__Exercise instructions__: The material below has pictures in it. Set down only the lines from the line containing "have defender. |" through the line containing "Hand drawing building", word for word, and leave the pictures behind.

** Opening Material shown block **

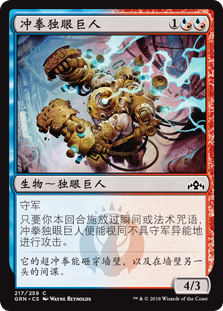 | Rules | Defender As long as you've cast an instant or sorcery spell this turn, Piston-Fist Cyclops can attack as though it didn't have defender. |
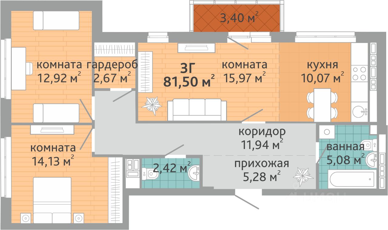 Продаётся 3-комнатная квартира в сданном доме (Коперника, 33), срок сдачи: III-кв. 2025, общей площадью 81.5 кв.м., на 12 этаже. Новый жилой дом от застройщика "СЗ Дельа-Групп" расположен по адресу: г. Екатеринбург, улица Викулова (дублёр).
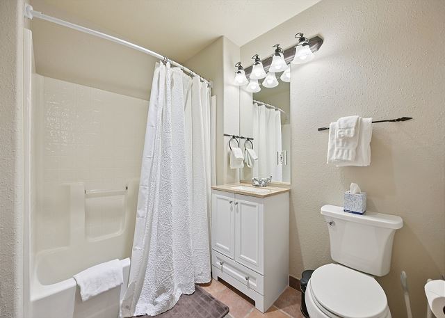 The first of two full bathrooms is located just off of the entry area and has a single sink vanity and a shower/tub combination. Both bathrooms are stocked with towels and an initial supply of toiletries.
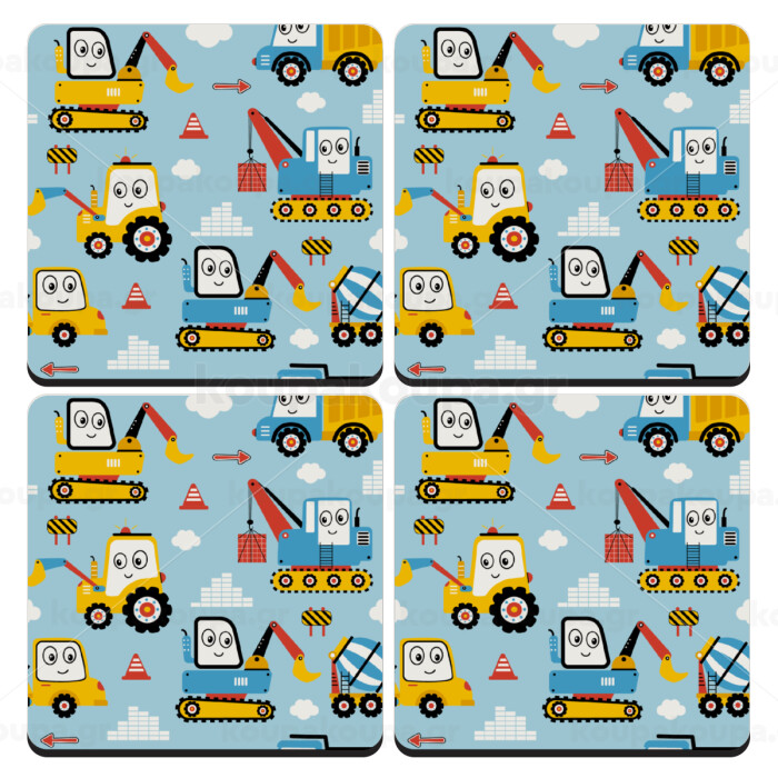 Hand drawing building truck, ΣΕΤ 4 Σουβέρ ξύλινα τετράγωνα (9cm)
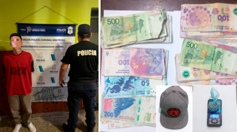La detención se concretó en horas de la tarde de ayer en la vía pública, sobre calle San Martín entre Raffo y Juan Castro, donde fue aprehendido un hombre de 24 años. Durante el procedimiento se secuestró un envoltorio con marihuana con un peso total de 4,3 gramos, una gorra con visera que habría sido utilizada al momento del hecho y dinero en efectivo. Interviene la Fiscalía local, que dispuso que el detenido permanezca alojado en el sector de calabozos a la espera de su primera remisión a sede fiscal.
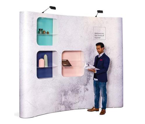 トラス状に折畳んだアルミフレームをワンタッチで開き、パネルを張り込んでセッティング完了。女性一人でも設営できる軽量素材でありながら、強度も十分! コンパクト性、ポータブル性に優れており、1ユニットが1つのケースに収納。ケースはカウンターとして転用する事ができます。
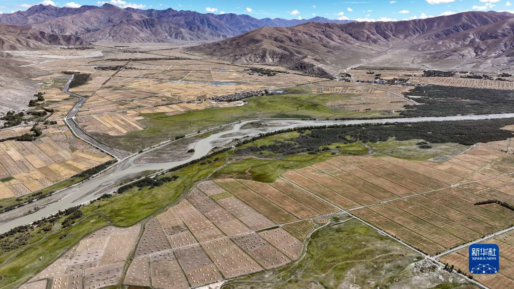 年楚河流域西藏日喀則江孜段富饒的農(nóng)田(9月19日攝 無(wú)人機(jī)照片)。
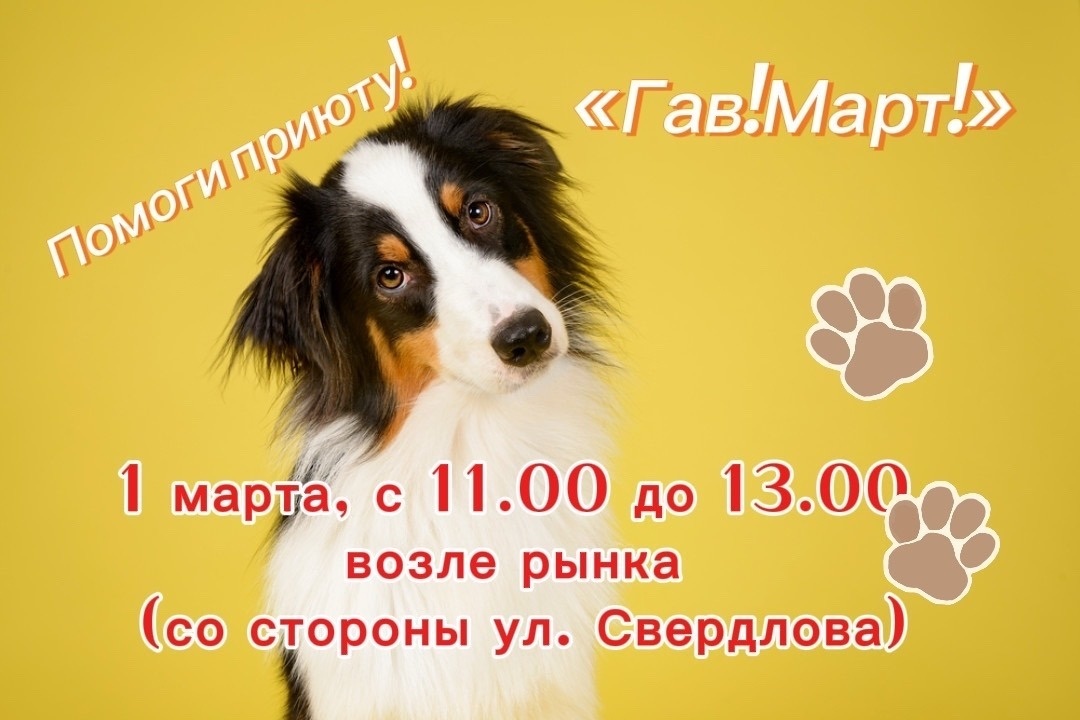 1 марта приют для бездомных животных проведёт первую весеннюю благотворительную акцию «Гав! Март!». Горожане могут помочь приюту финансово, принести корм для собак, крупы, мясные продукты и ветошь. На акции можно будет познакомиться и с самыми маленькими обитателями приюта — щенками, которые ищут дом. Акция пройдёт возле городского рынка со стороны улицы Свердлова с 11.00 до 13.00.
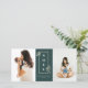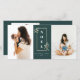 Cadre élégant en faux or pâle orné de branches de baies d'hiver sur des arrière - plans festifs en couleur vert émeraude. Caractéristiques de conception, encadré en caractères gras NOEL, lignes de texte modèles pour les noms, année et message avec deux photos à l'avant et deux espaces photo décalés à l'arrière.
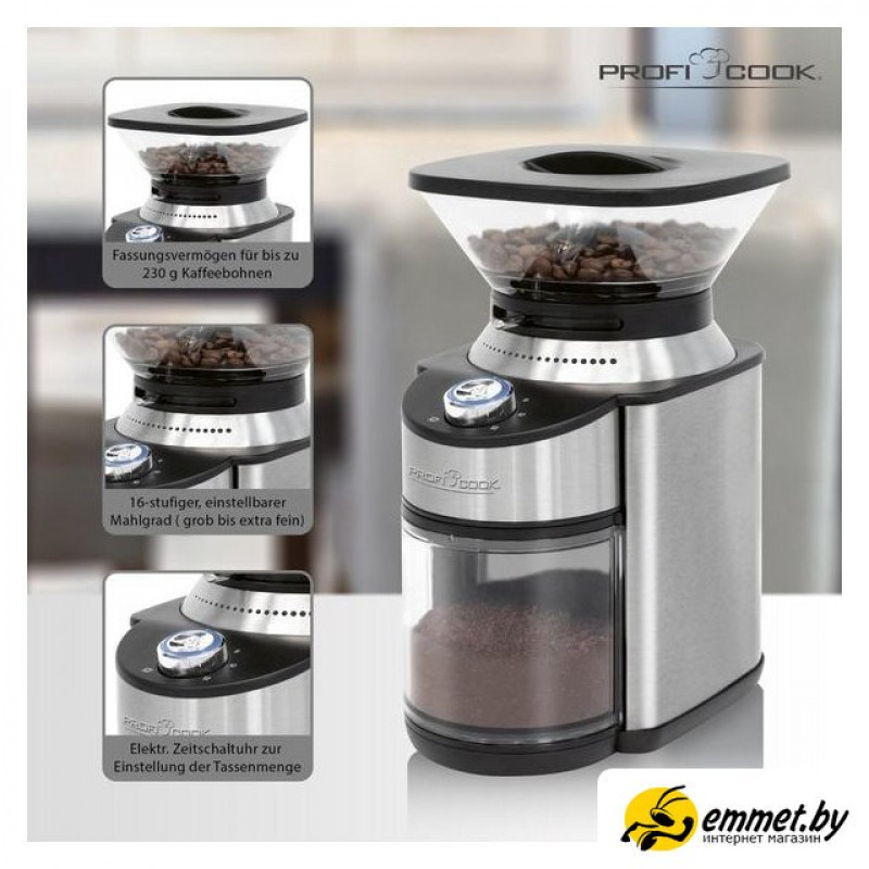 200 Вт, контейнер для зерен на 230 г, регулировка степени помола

** Closing Material shown block **
** Opening Material shown block **

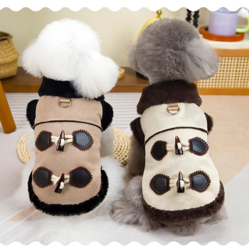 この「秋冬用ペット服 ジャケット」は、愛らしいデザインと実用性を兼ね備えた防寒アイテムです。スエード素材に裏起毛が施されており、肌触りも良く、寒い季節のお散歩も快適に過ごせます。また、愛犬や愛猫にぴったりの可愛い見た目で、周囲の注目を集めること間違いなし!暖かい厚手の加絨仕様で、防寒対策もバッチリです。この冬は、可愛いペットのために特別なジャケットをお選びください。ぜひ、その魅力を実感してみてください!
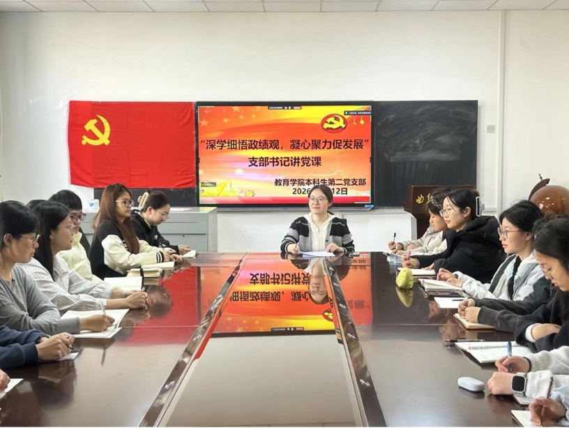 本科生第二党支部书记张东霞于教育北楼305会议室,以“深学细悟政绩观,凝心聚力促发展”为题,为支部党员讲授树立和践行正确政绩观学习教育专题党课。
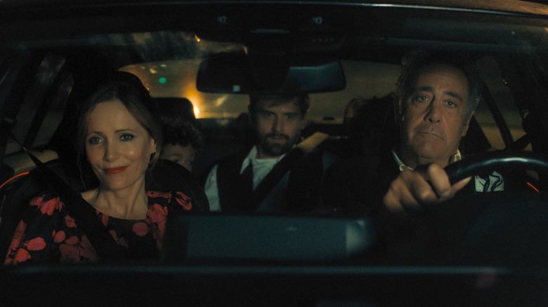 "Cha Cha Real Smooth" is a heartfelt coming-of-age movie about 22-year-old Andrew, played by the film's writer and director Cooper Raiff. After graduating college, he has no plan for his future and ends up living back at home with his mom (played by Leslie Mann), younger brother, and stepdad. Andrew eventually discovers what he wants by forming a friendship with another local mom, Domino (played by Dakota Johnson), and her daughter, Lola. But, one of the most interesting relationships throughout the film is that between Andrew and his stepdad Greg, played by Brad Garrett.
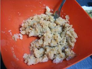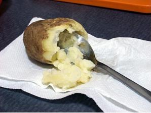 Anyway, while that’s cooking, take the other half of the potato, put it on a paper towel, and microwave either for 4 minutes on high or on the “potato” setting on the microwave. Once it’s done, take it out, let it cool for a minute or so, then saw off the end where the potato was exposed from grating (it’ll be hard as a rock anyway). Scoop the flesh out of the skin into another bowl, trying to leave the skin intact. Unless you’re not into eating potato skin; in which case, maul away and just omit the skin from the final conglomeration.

** Closing Material shown block **

__Answer area__:
 | Rules | Defender As long as you've cast an instant or sorcery spell this turn, Piston-Fist Cyclops can attack as though it didn't have defender. |
 Продаётся 3-комнатная квартира в сданном доме (Коперника, 33), срок сдачи: III-кв. 2025, общей площадью 81.5 кв.м., на 12 этаже. Новый жилой дом от застройщика "СЗ Дельа-Групп" расположен по адресу: г. Екатеринбург, улица Викулова (дублёр).
 The first of two full bathrooms is located just off of the entry area and has a single sink vanity and a shower/tub combination. Both bathrooms are stocked with towels and an initial supply of toiletries.
 Hand drawing building truck, ΣΕΤ 4 Σουβέρ ξύλινα τετράγωνα (9cm)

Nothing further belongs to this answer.